# IVF with one ovary



## Fiona M (Jan 20, 2007)

Can anyone give advice?  I am starting ivf in May and had a scan on Friday which showed up 2 choc cysts on my right ovary.  The doc says that my right ovary will be no good and they will just use the follicles from my left ovary.  I am just worried though as there obviously won't be as many with only using the one side.  Do you think I still have a good chance of it working?  What is the average follicles from one ovary?

They won't remove the cyst due to problems in previous surgey to remove endo.


----------



## starfish (Jan 6, 2007)

Hi Fiona

I'm in a similar position to you. My consultant has not said that to me about the one ovary 'being no good' and that he will only use follicles from the ok one.

Basically the drugs that you start on with IVF to down regulate your cycle can help to get rid of the choc. cysts. (that what I was told anyway - and mine have shrunk) 

I am under the impression that even with choc. cysts you can still develop follicles which will have eggs in (hopefully anyway). I have had IUI and when I have had scans I have still had follicles on the ovary where I had choc. cysts. 

I think they are a problem with treatment like IUI, but shouldn't be with IVF. You should still get follicles on both ovaries, you might get a few more on the one without the cysts, but it makes no difference. 

I know you have a good chance - be       

Some women end up having up to 20 follicles when doing IVF others have 10, 8, 15 it all depends on the individual. I hope this has helped. I really do not know why your consultant told you that. I would question it or get a second opinion.

Good luck with it, I have just started IVF (1st time ) and are hopefully about to start stimming I too have choc. cysts)

CXXX


----------



## Fiona M (Jan 20, 2007)

Thanks that makes me feel a bit better.  I am on zoladex just now anyway so hopefully that will be helping to shrink the cyst as we speak!!
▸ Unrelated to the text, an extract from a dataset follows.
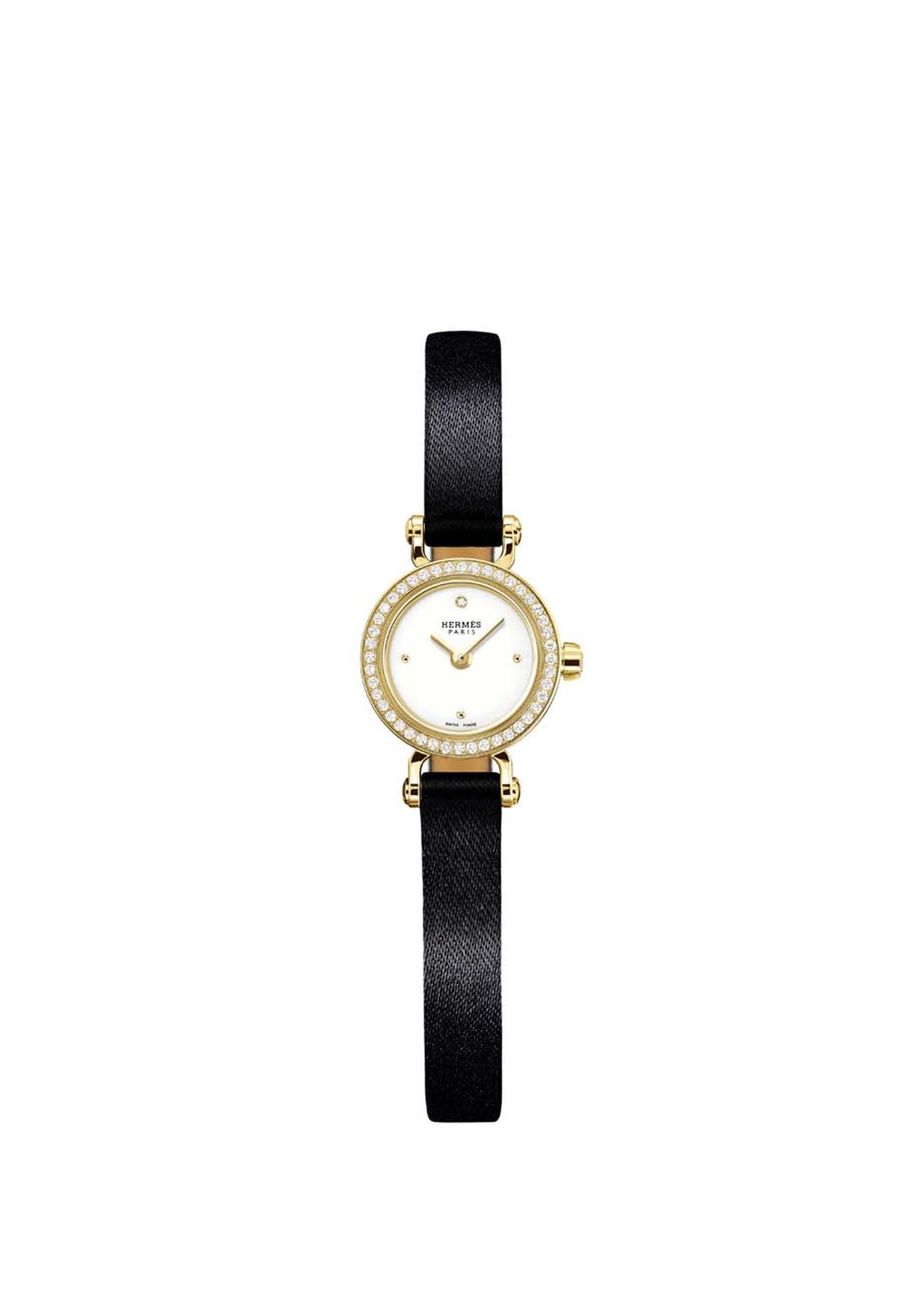 Hermès Faubourg watch with a yellow gold case and black satin strap.

Good luck with your ivf.  I start the medication the end of May.  It's just a waiting game now!

Fiona


----------



## joeyt (Dec 2, 2006)

Hi Fiona, i wouldn't worry too much... i have only 1 left ovary having had the right one and tube removed years ago. i was put on low dose,short cycle drugs and my left ovary produced 6 follices, it might not seem a lot but it is enough...my clinic go for quality rather than quantity.out of the 6, 2 fertilized and i had them put back in ... just have faith !!!!!honestly i wouldn't focus too much on how many you produce,the energy is better focused on believing it will work... your clinic will monitor closely and adjust the drugs accordingly.... but remember it only takes 1 ... best of luck


----------



## Fiona M (Jan 20, 2007)

Thanks, I am trying to think more positive.  It can't be that bad as they never said at any point it's not worth while going through with it so I will think lots of   .
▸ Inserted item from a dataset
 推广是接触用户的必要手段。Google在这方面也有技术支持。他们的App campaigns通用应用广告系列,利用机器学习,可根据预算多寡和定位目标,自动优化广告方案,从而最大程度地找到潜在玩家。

How did you get on with your ivf?


----------



## Sencybil1 (Sep 4, 2006)

Many (most??) people have a much better response from one ovary than the other - including me.  I think I had 4 eggs from one side and 13 from the other - so quite an imbalance.  And as has been said, it really is quality that counts.  Of my 17, 7 were not able to be ICSI'd and 3 of the 10 good ones didn't fertilise, so 7 good ones would have been equivalent!  It seems like the more eggs you produce, the higher proportion are poor quality, so the less you produce, the more of them are good ones!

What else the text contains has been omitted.